** DATA EXCERPT **
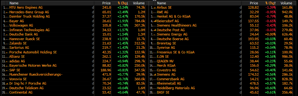 - Mercedes-Benz (MBG.DE) is gaining more than 2% today. The company announced an increase in its planned budget to improve combustion engine technology. The company also plans to facelift the engine of the flagship S-Class, which is expected to hit the market in mid-2026. Mercedes is also pushing back the vision of a complete shift to purely electric vehicles in the face of earlier announcements suggesting that the company will sell only electric cars by 2030. Currently, only an estimated 50% of vehicles sold will be electric.
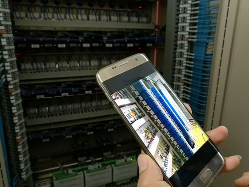 在檢查繼電保護小室的線路時,他連開了幾個柜門,都搖搖頭。原來是嫌電線整理得不整齊。他隨手從手機里翻出一張照片說對記者說:“要做到這種程度才可以。”照片中,藍色的電線經緯排布,一絲不茍。
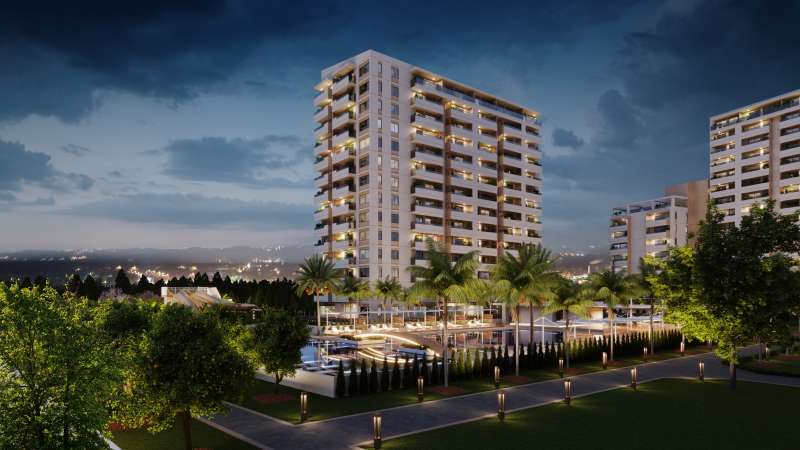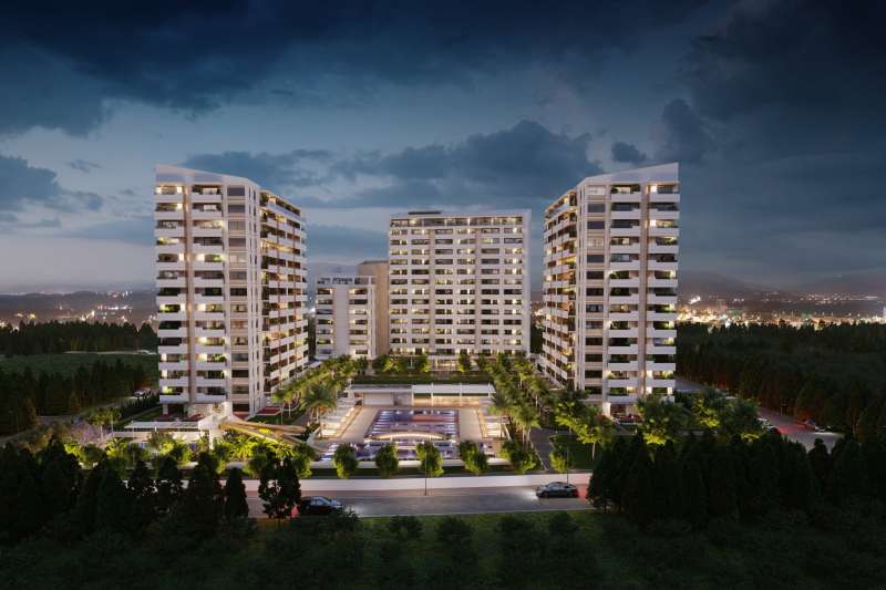 The comprehensive project with 4 blocks and 336 apartments on 16.434 sqm. The project also includes a 56-room hotel. Residents can benefit from the facilities of the hotel at a discount. In addition, the project has an outdoor swimming pool, aquapark, Turkish bath, sauna, gym, karaoke room, barbecue area, camellias, digital game room, indoor-outdoor parking area, on-site walking paths, playground, generator, elevator, 24/7 security, and security cameras.
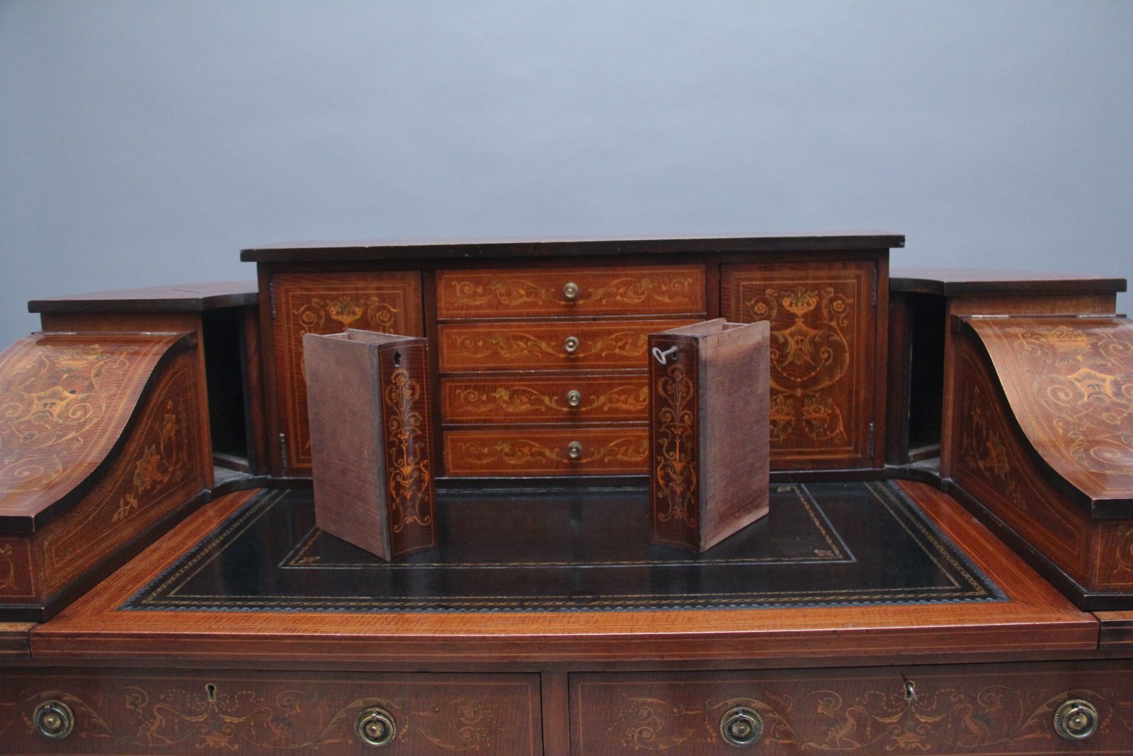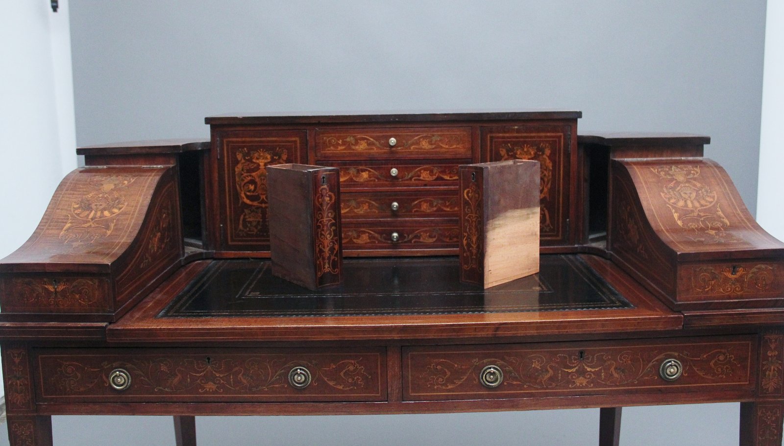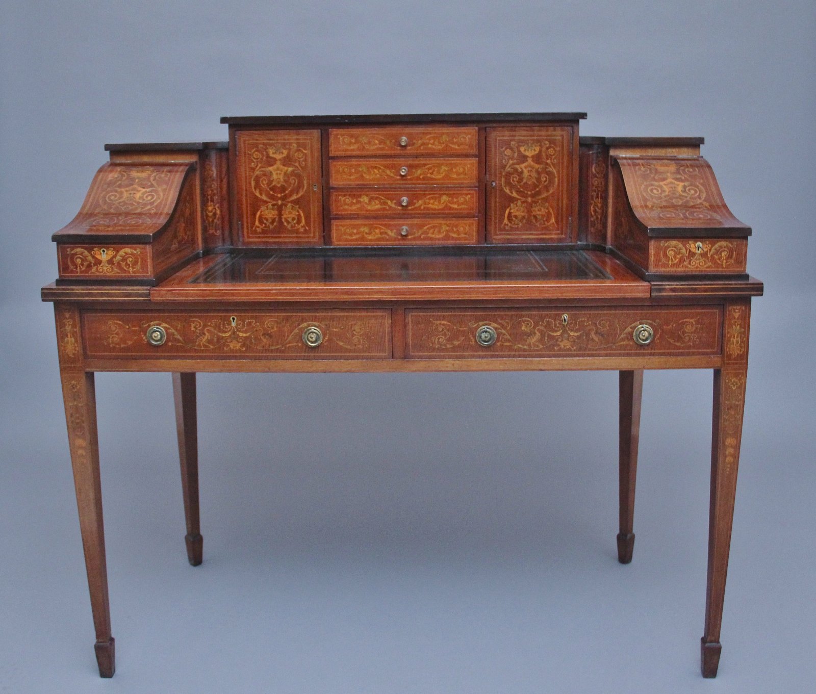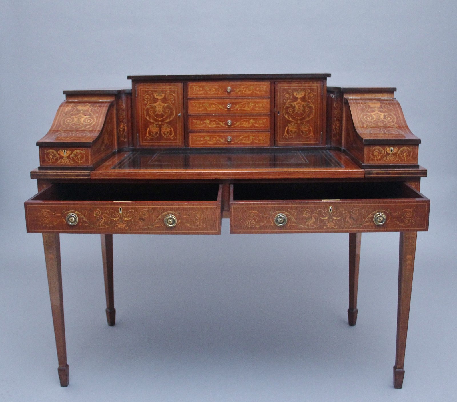 A fabulous quality near pair of freestanding early 20th Century mahogany and inlaid Carlton house desk's, both desks having a super structure comprising of four mahogany inlaid drawers at the centre with original brass turned knob handles, cupboards either side with workable lock and key with a single fixed shelf inside, there is a pull out writing slide with a black leather writing surface decorated with blind and gold tooling, stationary compartments either side with lift up lids to reveal a pen tray and various compartments, at each corner there are pull out letter slides with concave fronts and at the top there are letter slots, both letter slides and the lift up stationary compartments also have workable locks and keys. The frieze below having two mahogany lined drawers with original brass ring handles, standing on square tapering legs with with spade feet.

** PROBLEM DETAILS **
Transcribe, word for word, only the material from its opening line through the line containing "在檢查繼電保護小室的線路時,他連開了幾個", both ends included, and omit the pictures.

** YOUR SOLUTION **
 - Mercedes-Benz (MBG.DE) is gaining more than 2% today. The company announced an increase in its planned budget to improve combustion engine technology. The company also plans to facelift the engine of the flagship S-Class, which is expected to hit the market in mid-2026. Mercedes is also pushing back the vision of a complete shift to purely electric vehicles in the face of earlier announcements suggesting that the company will sell only electric cars by 2030. Currently, only an estimated 50% of vehicles sold will be electric.
 在檢查繼電保護小室的線路時,他連開了幾個柜門,都搖搖頭。原來是嫌電線整理得不整齊。他隨手從手機里翻出一張照片說對記者說:“要做到這種程度才可以。”照片中,藍色的電線經緯排布,一絲不茍。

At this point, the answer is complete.